On the way back to Oxford, I hit the state park for a little hiking. Took a long nap on the rocks next to Four Mile Creek.
While sprawled out on my stomach, I tried to remember the nightmare. I gave up, stuck my hands in the cold water, and let my fingers play in the velvet green lining the bottom of the creek...
What the hell's making me so contemplative and serious? Why am I tense and relaxed simultaneously?
Returned home, kicked on the TV, and cooked up some black beans and hominy for supper. I took a long, cold shower to cool the sunburn a bit.
Just another day.
Then I remembered the nightmare in the shower.
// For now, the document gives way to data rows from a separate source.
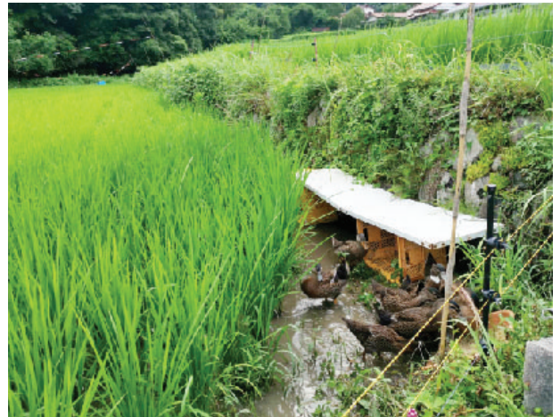
アイガモ農法で米づくり

答 町、認定農業者、JA、商工会、地域おこし協力隊、民泊等の宿泊先などで構成する協議会を計画。
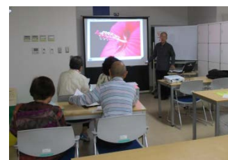
▲簡単で上手な写真の撮り方
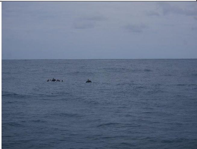
飛旋海豚成群出現
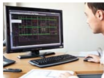
Für jedes SV-Element erstellen wir einen detaillierten Installationsplan

Even when the conscious human mind loses track of time, the subconscious mind rarely misses a beat.
Ten years ago, May 20, this was my life. Be warned - the link goes back into a part of my past some people may not want to see. Not a pretty fucking picture.
I got into a rather brutal fight in the waning hours of my 17th year on this planet. I nearly broke a man in half, just before midnight, May 19, 1996. I spent the early hours of my 18th birthday, a decade ago today, in a dirty filling station bathroom, staring into a mirror, fighting some serious inner demons.
A decade? That all happened a decade ago? Damn.
Time flies when you're moving on with your life.
People wonder why I'm not scared of much, why I'm not afraid of death really, why I don't lose my temper, and why I try to steer clear of violent situations. Well, I've seen the ugly face of violence.
I looked in that stainless steel mirror a decade ago and saw hideousness staring back at me. And I decided that I didn't like what I saw.
Memories know no calendar, really. That's why we have a subconscious - backup storage.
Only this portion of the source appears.